GIVEN DATA
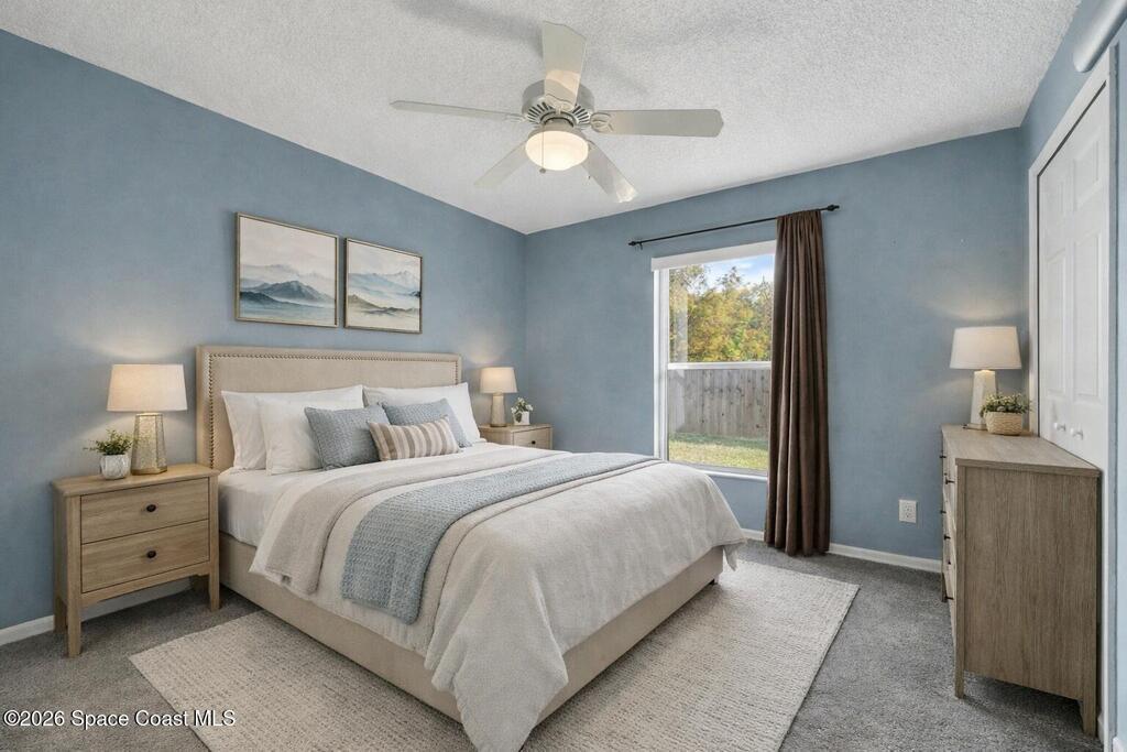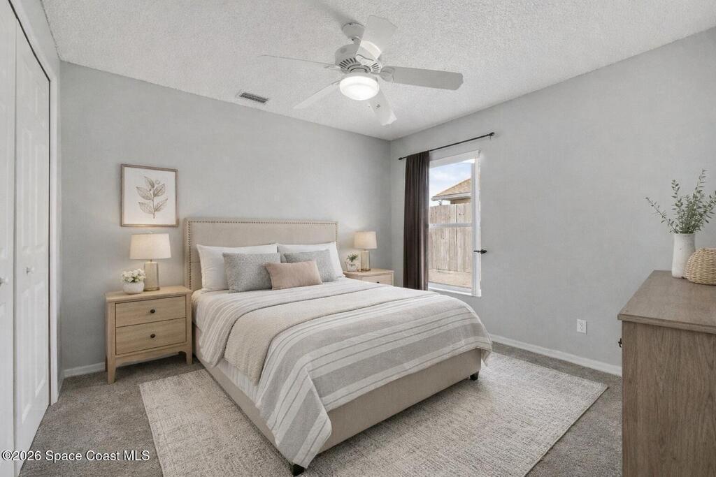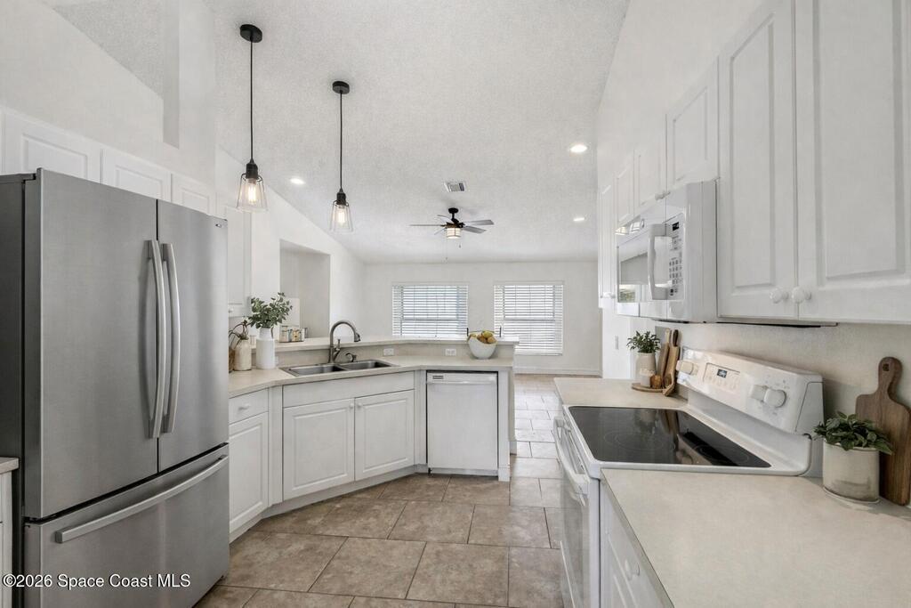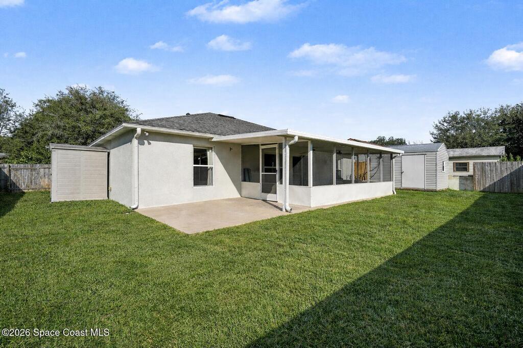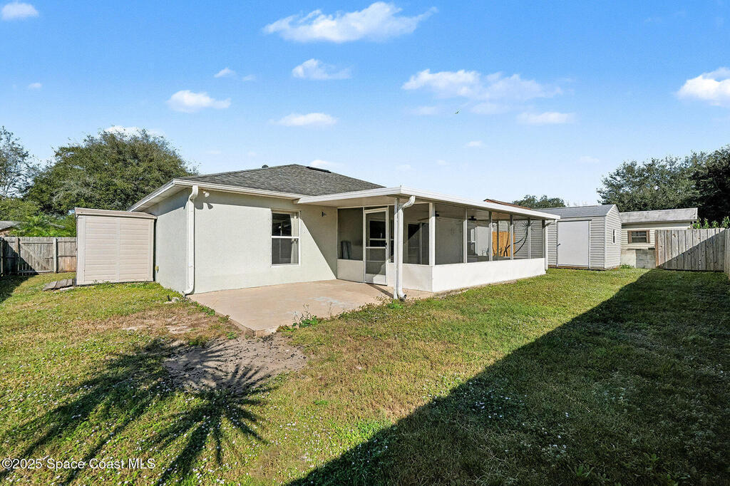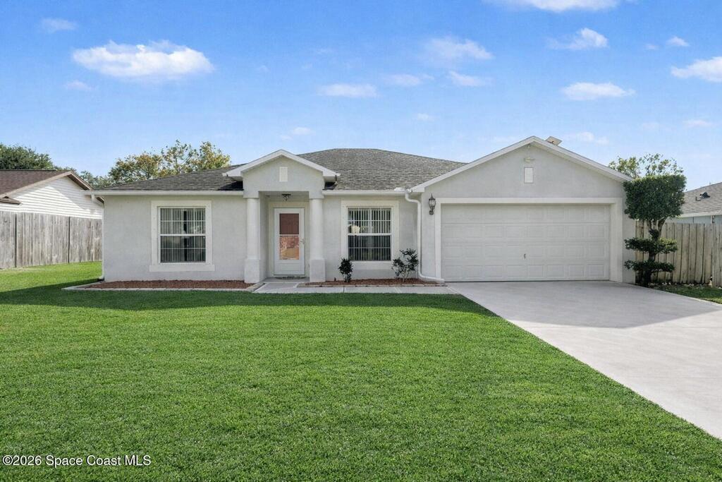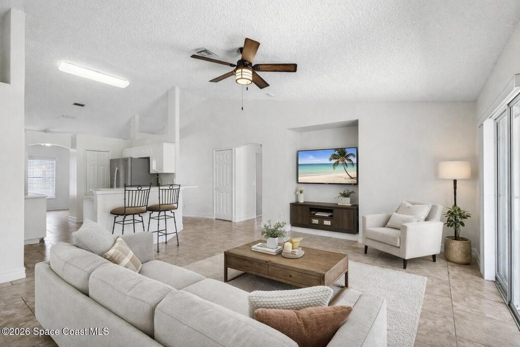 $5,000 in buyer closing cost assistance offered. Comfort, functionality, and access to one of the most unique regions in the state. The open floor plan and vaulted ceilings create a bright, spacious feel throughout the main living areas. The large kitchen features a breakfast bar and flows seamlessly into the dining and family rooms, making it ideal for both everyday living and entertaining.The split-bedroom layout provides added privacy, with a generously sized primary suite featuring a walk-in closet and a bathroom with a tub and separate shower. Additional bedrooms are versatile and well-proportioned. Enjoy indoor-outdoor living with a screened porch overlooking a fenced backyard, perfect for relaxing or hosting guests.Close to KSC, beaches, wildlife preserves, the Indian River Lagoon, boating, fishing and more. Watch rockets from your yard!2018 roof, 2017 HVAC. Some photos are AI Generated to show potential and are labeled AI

--

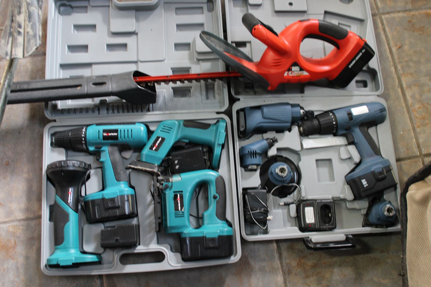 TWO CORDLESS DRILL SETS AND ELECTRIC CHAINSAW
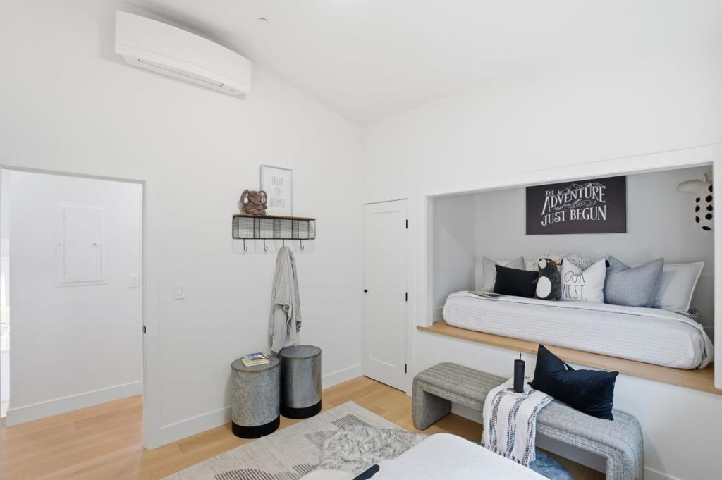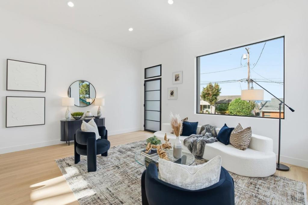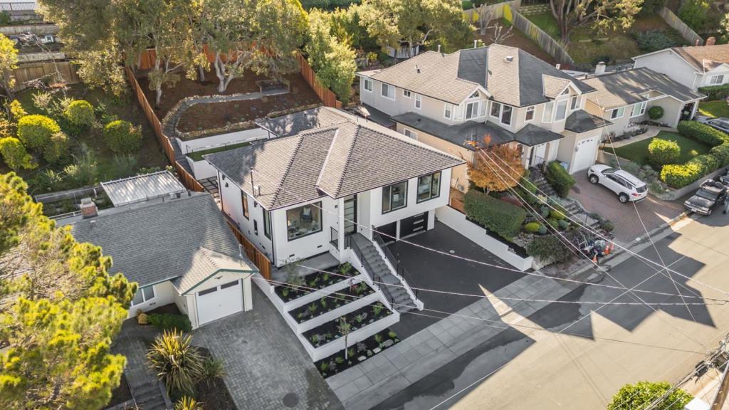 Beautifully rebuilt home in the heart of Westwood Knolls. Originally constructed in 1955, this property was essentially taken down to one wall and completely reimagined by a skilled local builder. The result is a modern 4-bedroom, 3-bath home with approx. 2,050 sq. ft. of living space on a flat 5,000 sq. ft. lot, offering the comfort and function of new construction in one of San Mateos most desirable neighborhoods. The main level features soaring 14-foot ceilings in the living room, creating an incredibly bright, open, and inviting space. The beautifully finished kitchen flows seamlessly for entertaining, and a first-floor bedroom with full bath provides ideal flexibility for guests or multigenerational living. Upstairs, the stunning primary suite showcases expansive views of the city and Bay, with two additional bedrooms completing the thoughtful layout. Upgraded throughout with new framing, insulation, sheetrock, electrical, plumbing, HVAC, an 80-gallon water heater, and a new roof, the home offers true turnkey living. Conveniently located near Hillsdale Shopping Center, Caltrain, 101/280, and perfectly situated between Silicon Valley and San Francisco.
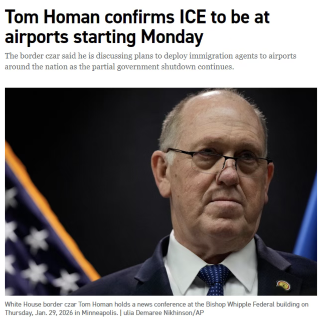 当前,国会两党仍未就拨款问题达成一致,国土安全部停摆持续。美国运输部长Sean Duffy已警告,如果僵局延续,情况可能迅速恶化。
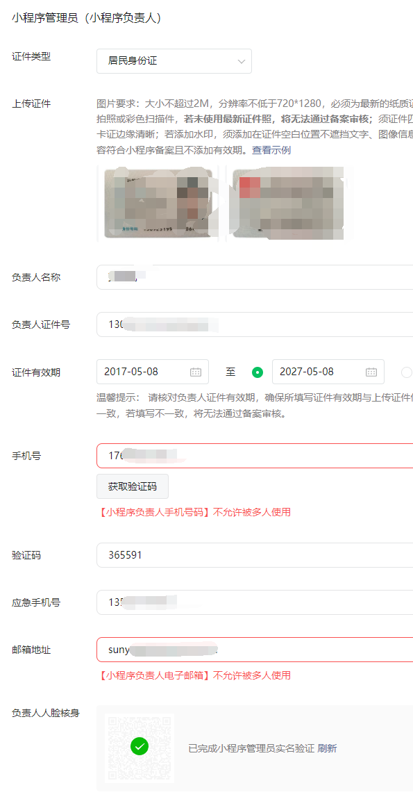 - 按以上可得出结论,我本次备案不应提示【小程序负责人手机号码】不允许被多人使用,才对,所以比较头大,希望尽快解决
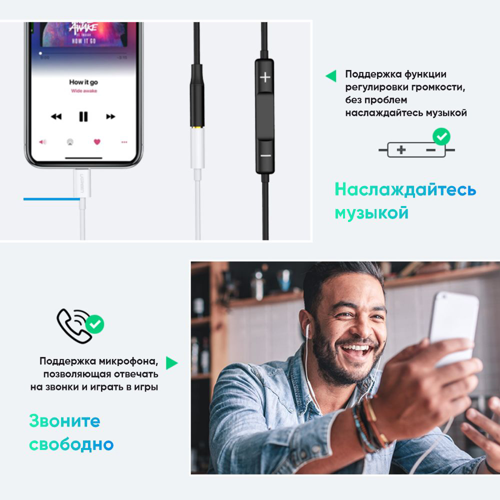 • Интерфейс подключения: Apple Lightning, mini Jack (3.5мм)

==

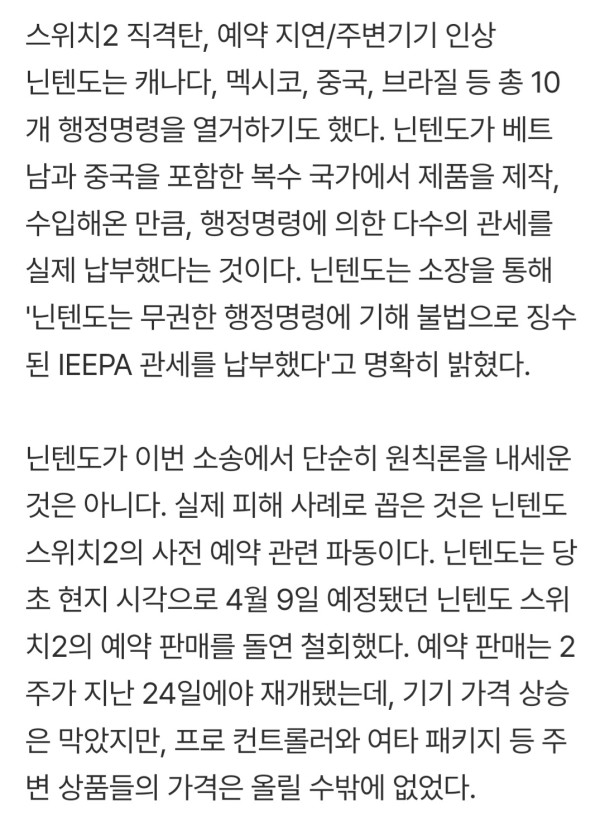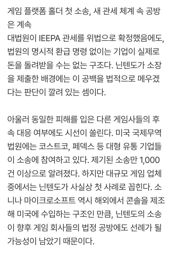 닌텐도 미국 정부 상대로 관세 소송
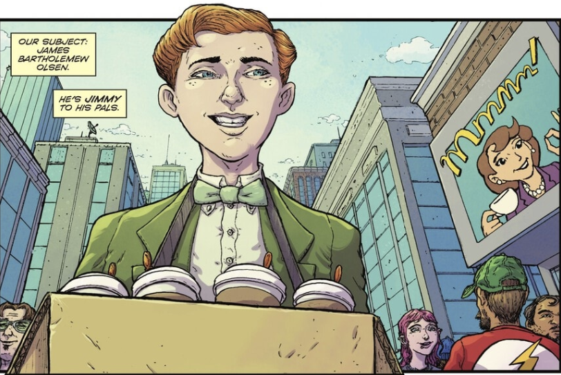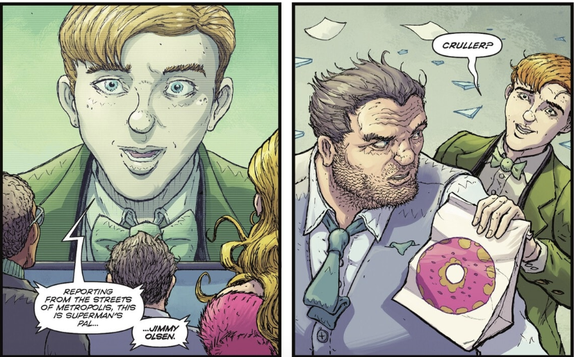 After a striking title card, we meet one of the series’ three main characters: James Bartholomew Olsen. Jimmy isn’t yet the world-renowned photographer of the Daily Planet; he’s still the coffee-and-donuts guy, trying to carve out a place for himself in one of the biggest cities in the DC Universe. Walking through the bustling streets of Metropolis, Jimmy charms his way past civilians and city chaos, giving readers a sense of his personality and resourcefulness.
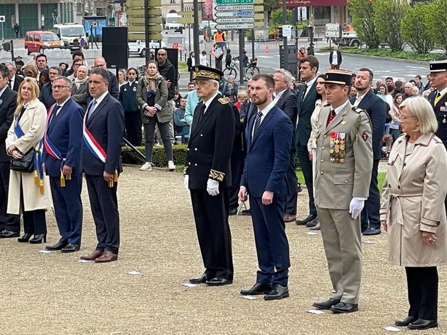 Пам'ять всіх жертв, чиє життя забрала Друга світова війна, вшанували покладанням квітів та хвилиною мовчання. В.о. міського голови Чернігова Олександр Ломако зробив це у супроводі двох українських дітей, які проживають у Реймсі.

EXERCISE DESCRIPTION
Transcribe, word for word, the lines of the listing above from the one that contains "Beautifully rebuilt home" through the one that contains "当前,国会两党仍未就拨款问题", keeping both ends and dropping the pictures.

EXERCISE SOLUTION
 Beautifully rebuilt home in the heart of Westwood Knolls. Originally constructed in 1955, this property was essentially taken down to one wall and completely reimagined by a skilled local builder. The result is a modern 4-bedroom, 3-bath home with approx. 2,050 sq. ft. of living space on a flat 5,000 sq. ft. lot, offering the comfort and function of new construction in one of San Mateos most desirable neighborhoods. The main level features soaring 14-foot ceilings in the living room, creating an incredibly bright, open, and inviting space. The beautifully finished kitchen flows seamlessly for entertaining, and a first-floor bedroom with full bath provides ideal flexibility for guests or multigenerational living. Upstairs, the stunning primary suite showcases expansive views of the city and Bay, with two additional bedrooms completing the thoughtful layout. Upgraded throughout with new framing, insulation, sheetrock, electrical, plumbing, HVAC, an 80-gallon water heater, and a new roof, the home offers true turnkey living. Conveniently located near Hillsdale Shopping Center, Caltrain, 101/280, and perfectly situated between Silicon Valley and San Francisco.
 当前,国会两党仍未就拨款问题达成一致,国土安全部停摆持续。美国运输部长Sean Duffy已警告,如果僵局延续,情况可能迅速恶化。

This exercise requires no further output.